What you are asked to do ▸ Please transcribe the lines below exactly, and leave every image behind.

Dataset records ▸
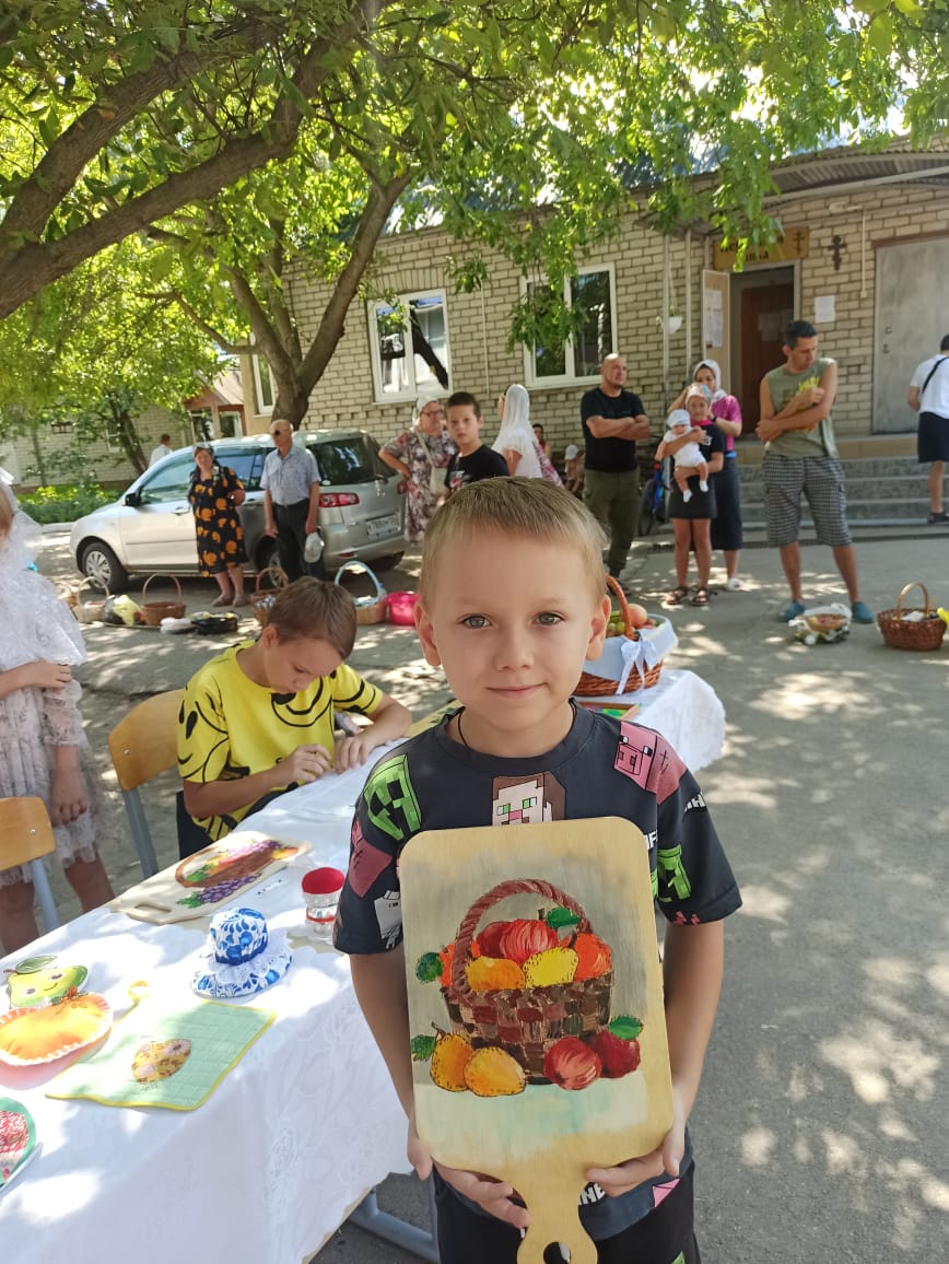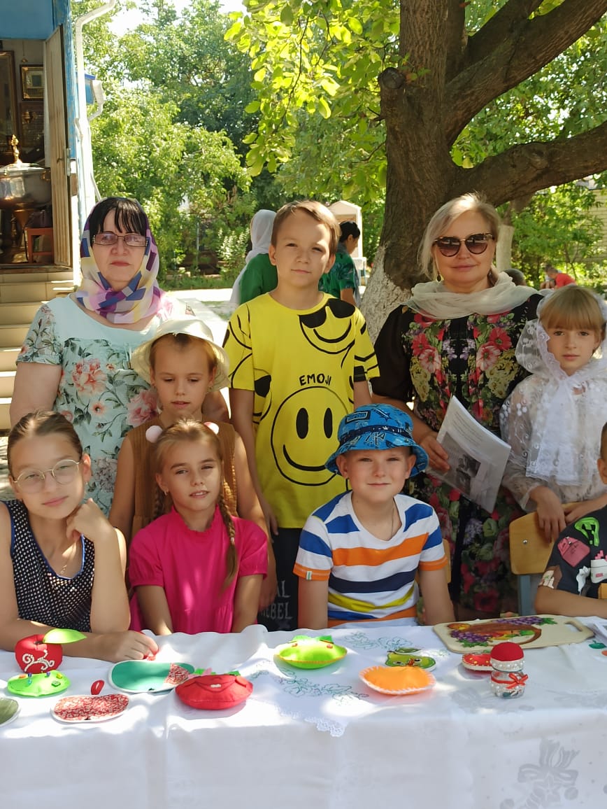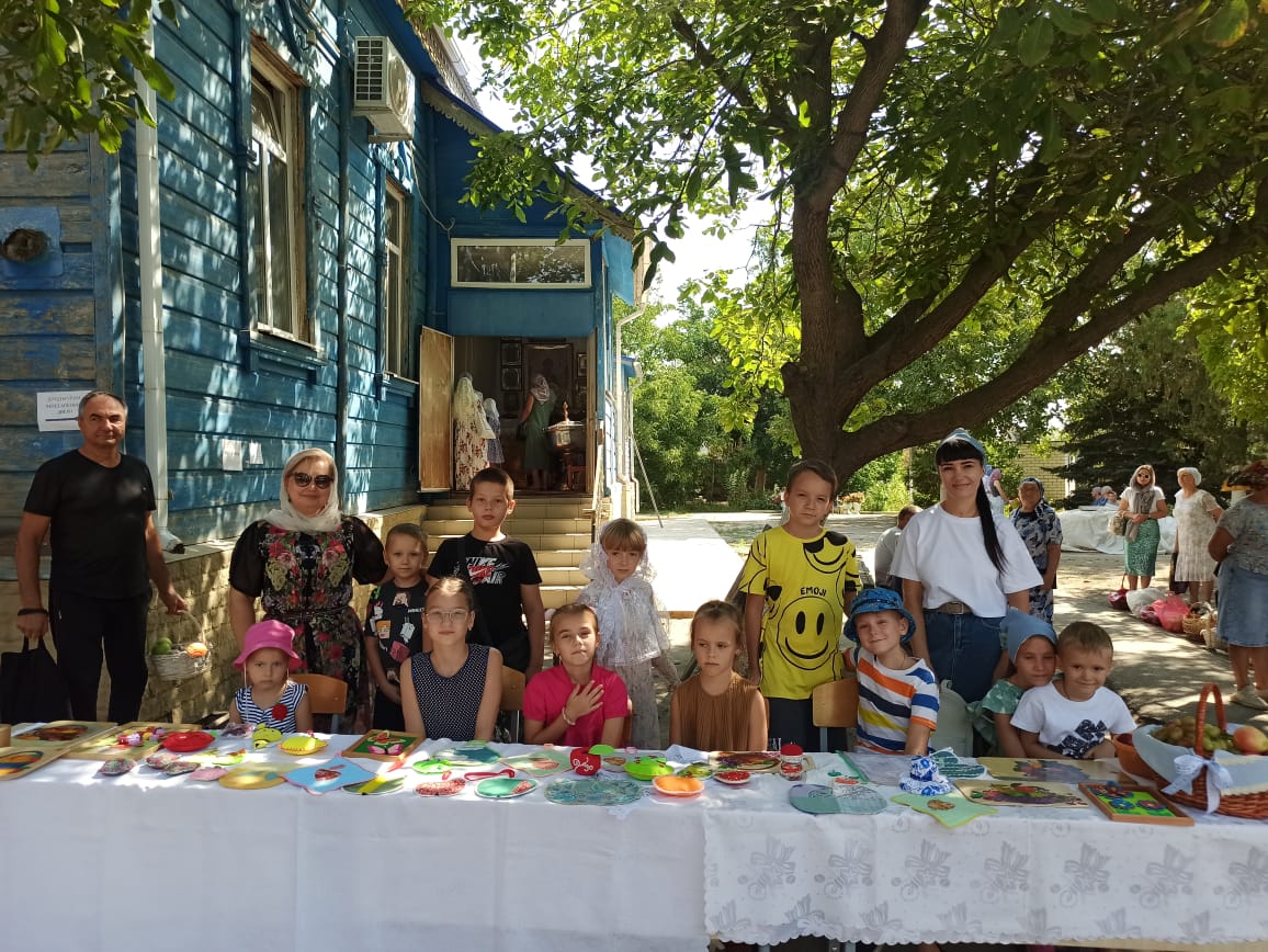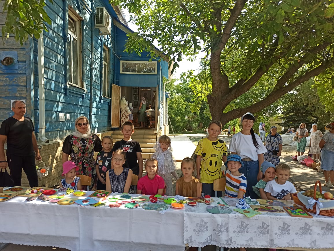 19 августа во дворе храма Казанской иконы Божией Матери г. Буденновска прошла благотворительная ярмарка, организованная преподавателем детской воскресной группы Зоей Онофрийчук. Прихожане храма, а также горожане, пришедшие освятить плоды, с интересом осматривали и приобретали поделки на тему праздника Преображения Господня, изготовленные детьми, учащимися при храме. Творить ребятам помогали их родители. Собранные денежные средства предполагается обратить на ремонт Казанского храма.
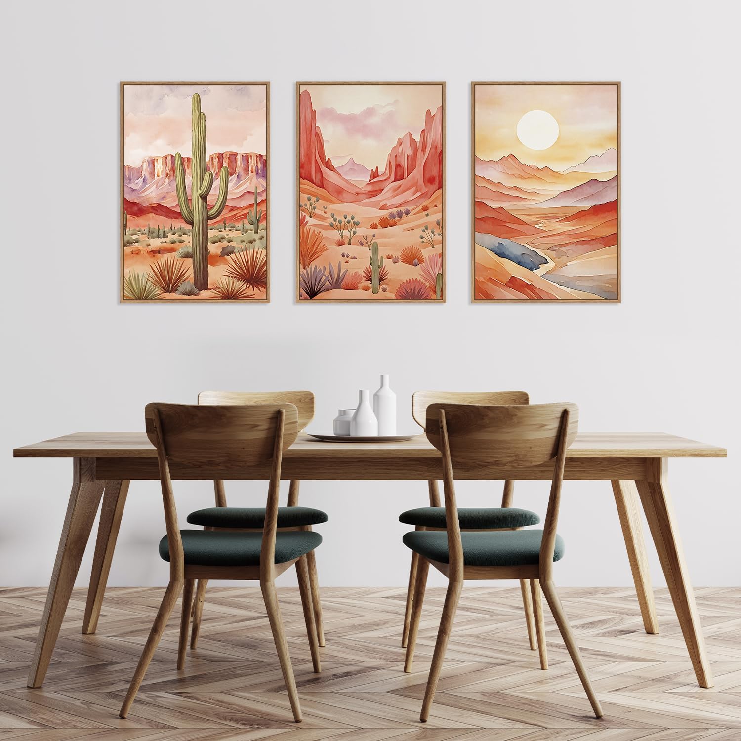 - 【Versatile Decor】This Bohemian Desert Wall Decor set can be hung in a variety of settings such as offices, bedrooms, bathrooms, living rooms, dining rooms, kitchens, porches and more, making it ideal for enhancing the decor of a space. It adds a unique southwestern landscape element that creates a warm and stylish atmosphere.
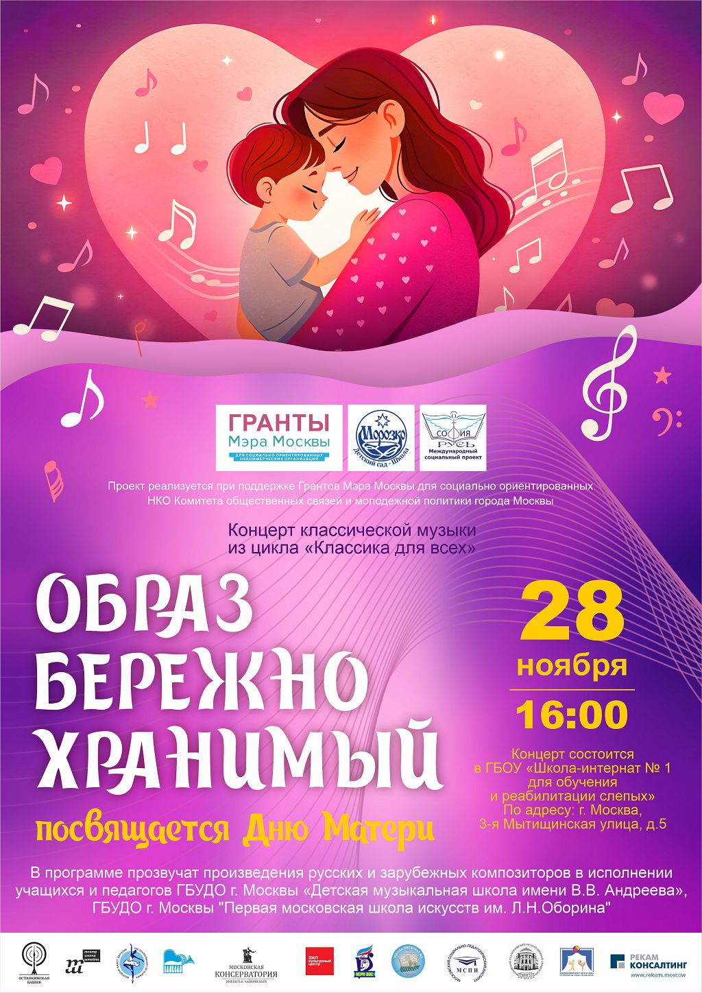 28 ноября 2024 года в ГБОУ «Школа-интернат №1 для обучения и реабилитации слепых" состоялся Концерт классической музыки из цикла «Классика для всех» - «ОБРАЗ БЕРЕЖНО ХРАНИМЫЙ». Мы уже не первый раз проводим подобные концерты в интернате для слепых и слабовидящих детей и отмечаем невероятную атмосферу тепла и очень внимательного прослушивания буквально каждого произведения, на которые учащиеся интерната очень эмоционально реагируют - так, как не реагируют порой "зрячие" - дети и взрослые, у которых нет никаких проблем со здоровьем и зрением. Наши юные музыканты очень любят играть в этом красивом, концертном зале интерната номер 1 для детской и подростковой аудитории, которая, наверное, лучше и тоньше, чем где-либо, воспринимает и слушает столь внимательно и трепетно классическую музыку, реагируя на то, что их особенно трогает, аплодисментами. Аплодисменты могут быть не только в конце, а в том месте произведения, которое наиболее растрогало детские сердца, когда возникло особенное эмоциональное переживание. Но подобная реакция никогда не мешает артистам, а наоборот - вдохновляет и даже помогает в исполнении, потому что артисты понимают, что их музыка имеет обратную связь, она не оставляет зрителя равнодушным. Зрители внимательно слушают, а это как раз и является очень важным для музыкантов.
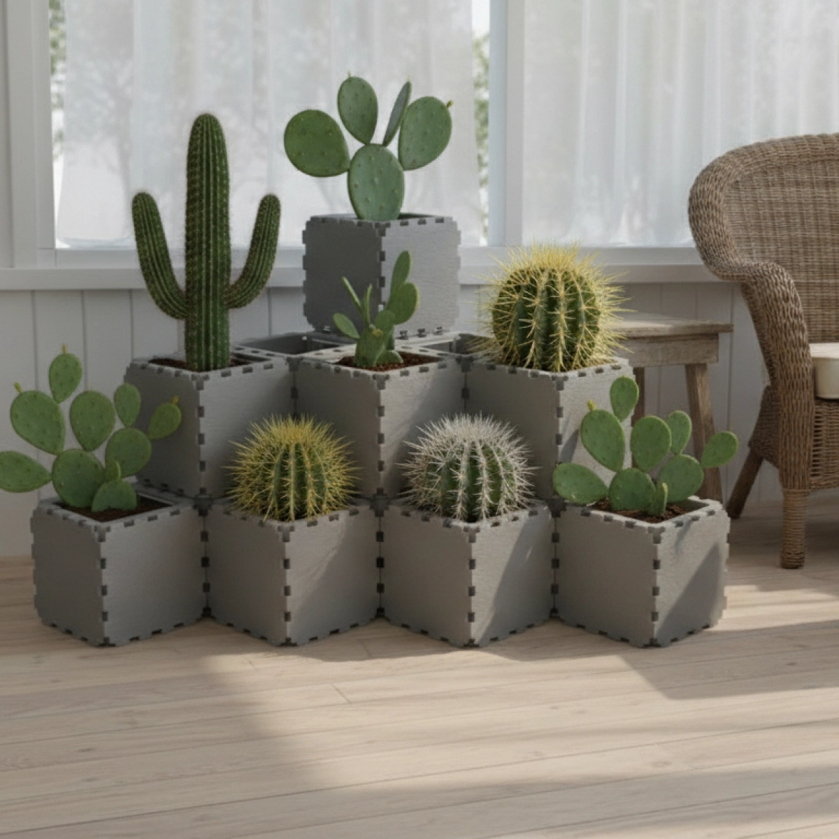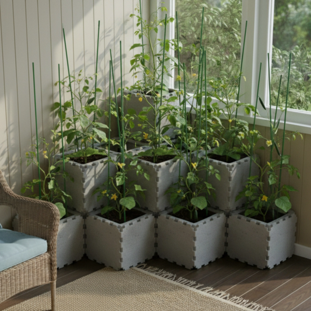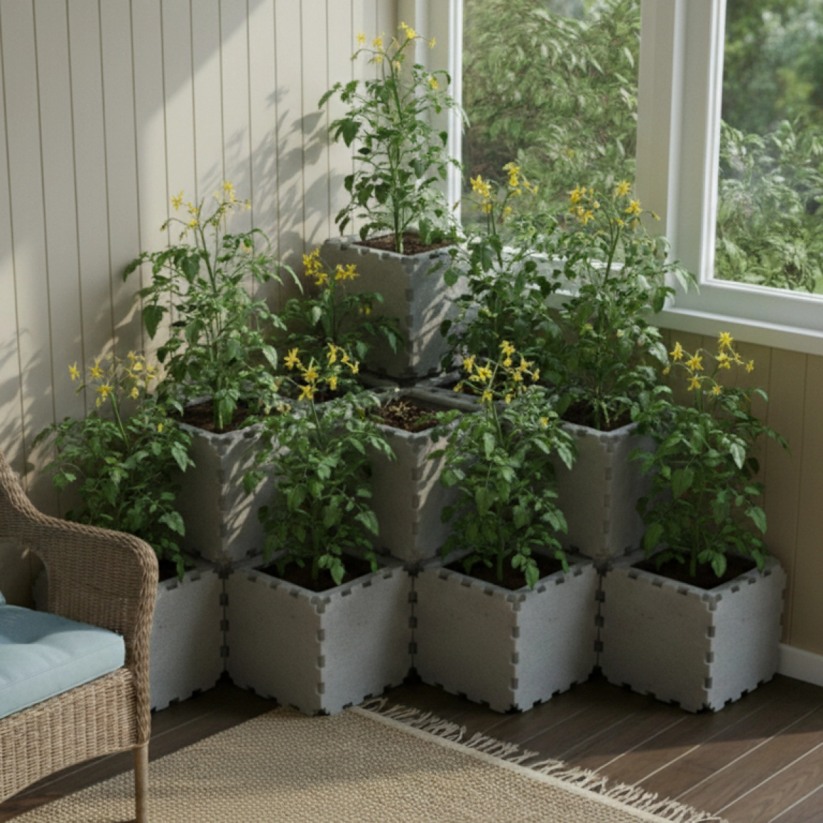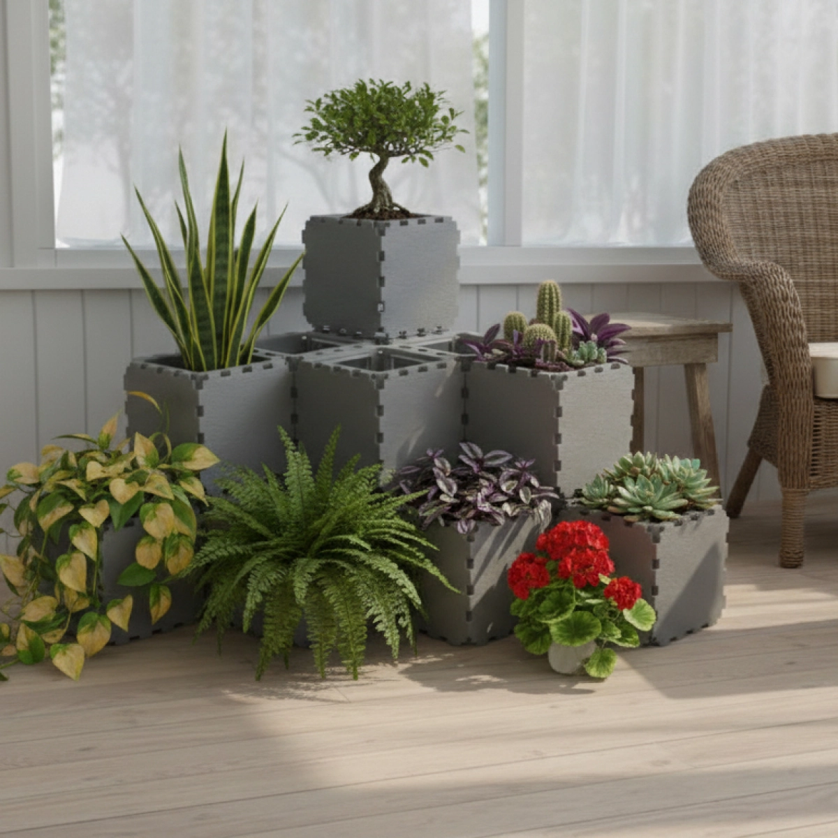 Nowoczesna narożna modułowa donica zaprojektowana do tworzenia pięknych stopniowanych roślin w każdym wnętrzu lub na balkonie. Zbudowana z kostek Cubik.one, struktura ta pozwala na uprawę wielu roślin w jednym pionowym układzie, jednocześnie oszczędzając miejsce na podłodze.
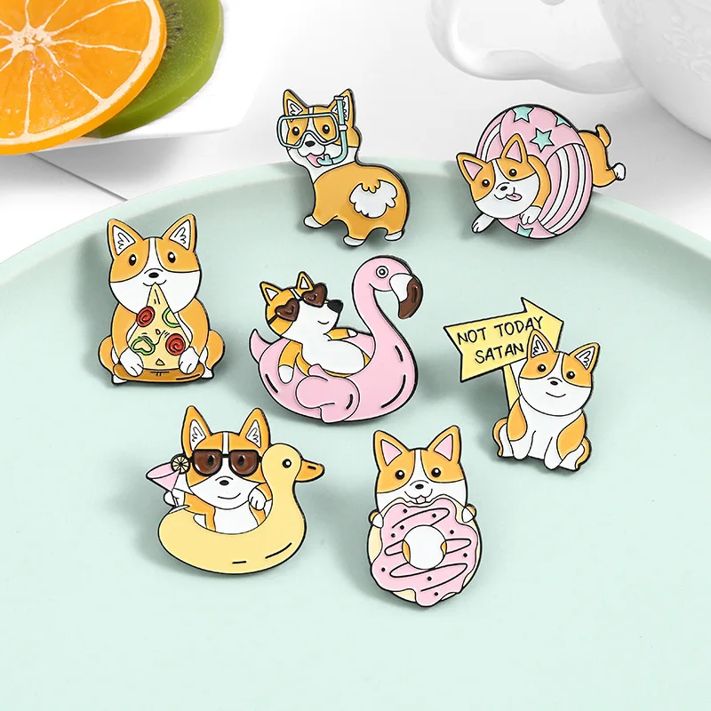Эмалированные заколки для лацканов корги счастливой жизни Мультяшны...
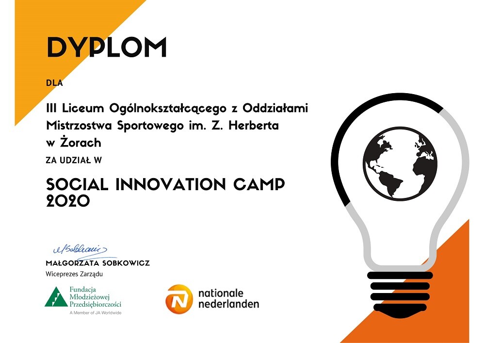 Pierwszego grudnia pięcioro uczniów III Liceum Ogólnokształcącego im. Zbigniewa Herberta w Żorach uczestniczyło w Ogólnopolskim Konkursie Social Innovation Camp online na najlepsze uczniowskie innowacje społeczne.
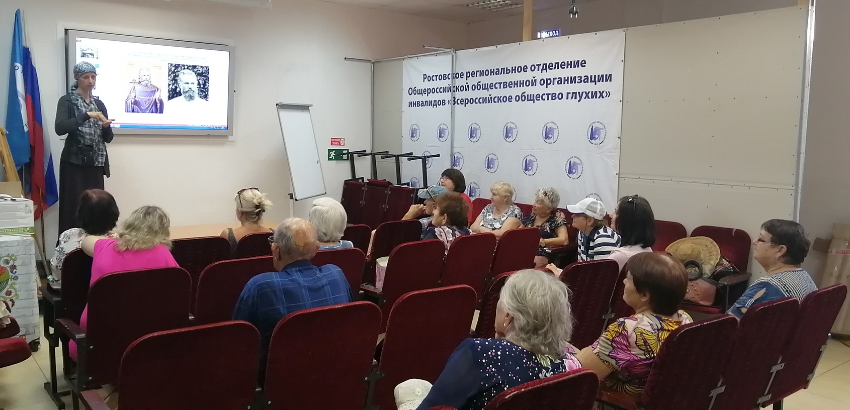 Лекция «Путешествие по Донскому краю» прошла в актовом зале Ростовского регионального отделения Всероссийского общества глухих. Встреча сопровождалась синхронным сурдопереводом. Гостям продемонстрировали презентацию с множеством иллюстраций, а также подборку интересных фактов о Донском крае, сообщает сайт Ростовской епархии.
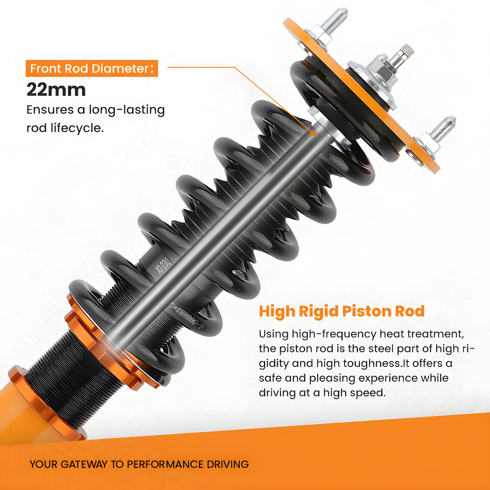 2.24 levels of adjustable damper -- This allows you the ability to perfectly dial in your coil-overs system. For nice comfortable driving, set damping to full soft. For more spirited driving, set it to 16 clicks. For occasional track days, set it to full stiff.
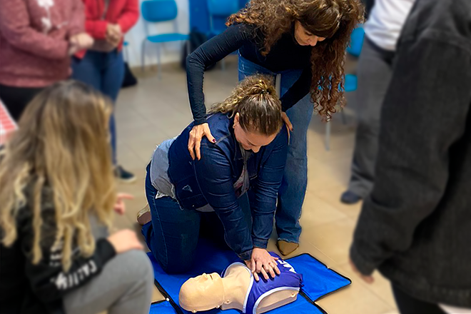 O treinamento oferecido atualmente às escolas é ministrado durante o Horário de Trabalho Pedagógico Coletivo, o HTPC, e segue as orientações preconizadas pela AHA. Grupos de 25 profissionais recebem duas horas de exposição teórica e na sequência ocorre o treino prático das manobras de ressuscitação cardiopulmonar e desengasgo com bonecos. Embora a capacitação seja oferecida nos horários de fim do expediente, a adesão da comunidade escolar é grande.

Exercise solution ▸
 19 августа во дворе храма Казанской иконы Божией Матери г. Буденновска прошла благотворительная ярмарка, организованная преподавателем детской воскресной группы Зоей Онофрийчук. Прихожане храма, а также горожане, пришедшие освятить плоды, с интересом осматривали и приобретали поделки на тему праздника Преображения Господня, изготовленные детьми, учащимися при храме. Творить ребятам помогали их родители. Собранные денежные средства предполагается обратить на ремонт Казанского храма.
 - 【Versatile Decor】This Bohemian Desert Wall Decor set can be hung in a variety of settings such as offices, bedrooms, bathrooms, living rooms, dining rooms, kitchens, porches and more, making it ideal for enhancing the decor of a space. It adds a unique southwestern landscape element that creates a warm and stylish atmosphere.
 28 ноября 2024 года в ГБОУ «Школа-интернат №1 для обучения и реабилитации слепых" состоялся Концерт классической музыки из цикла «Классика для всех» - «ОБРАЗ БЕРЕЖНО ХРАНИМЫЙ». Мы уже не первый раз проводим подобные концерты в интернате для слепых и слабовидящих детей и отмечаем невероятную атмосферу тепла и очень внимательного прослушивания буквально каждого произведения, на которые учащиеся интерната очень эмоционально реагируют - так, как не реагируют порой "зрячие" - дети и взрослые, у которых нет никаких проблем со здоровьем и зрением. Наши юные музыканты очень любят играть в этом красивом, концертном зале интерната номер 1 для детской и подростковой аудитории, которая, наверное, лучше и тоньше, чем где-либо, воспринимает и слушает столь внимательно и трепетно классическую музыку, реагируя на то, что их особенно трогает, аплодисментами. Аплодисменты могут быть не только в конце, а в том месте произведения, которое наиболее растрогало детские сердца, когда возникло особенное эмоциональное переживание. Но подобная реакция никогда не мешает артистам, а наоборот - вдохновляет и даже помогает в исполнении, потому что артисты понимают, что их музыка имеет обратную связь, она не оставляет зрителя равнодушным. Зрители внимательно слушают, а это как раз и является очень важным для музыкантов.
 Nowoczesna narożna modułowa donica zaprojektowana do tworzenia pięknych stopniowanych roślin w każdym wnętrzu lub na balkonie. Zbudowana z kostek Cubik.one, struktura ta pozwala na uprawę wielu roślin w jednym pionowym układzie, jednocześnie oszczędzając miejsce na podłodze.
Эмалированные заколки для лацканов корги счастливой жизни Мультяшны...
 Pierwszego grudnia pięcioro uczniów III Liceum Ogólnokształcącego im. Zbigniewa Herberta w Żorach uczestniczyło w Ogólnopolskim Konkursie Social Innovation Camp online na najlepsze uczniowskie innowacje społeczne.
 Лекция «Путешествие по Донскому краю» прошла в актовом зале Ростовского регионального отделения Всероссийского общества глухих. Встреча сопровождалась синхронным сурдопереводом. Гостям продемонстрировали презентацию с множеством иллюстраций, а также подборку интересных фактов о Донском крае, сообщает сайт Ростовской епархии.
 2.24 levels of adjustable damper -- This allows you the ability to perfectly dial in your coil-overs system. For nice comfortable driving, set damping to full soft. For more spirited driving, set it to 16 clicks. For occasional track days, set it to full stiff.
 O treinamento oferecido atualmente às escolas é ministrado durante o Horário de Trabalho Pedagógico Coletivo, o HTPC, e segue as orientações preconizadas pela AHA. Grupos de 25 profissionais recebem duas horas de exposição teórica e na sequência ocorre o treino prático das manobras de ressuscitação cardiopulmonar e desengasgo com bonecos. Embora a capacitação seja oferecida nos horários de fim do expediente, a adesão da comunidade escolar é grande.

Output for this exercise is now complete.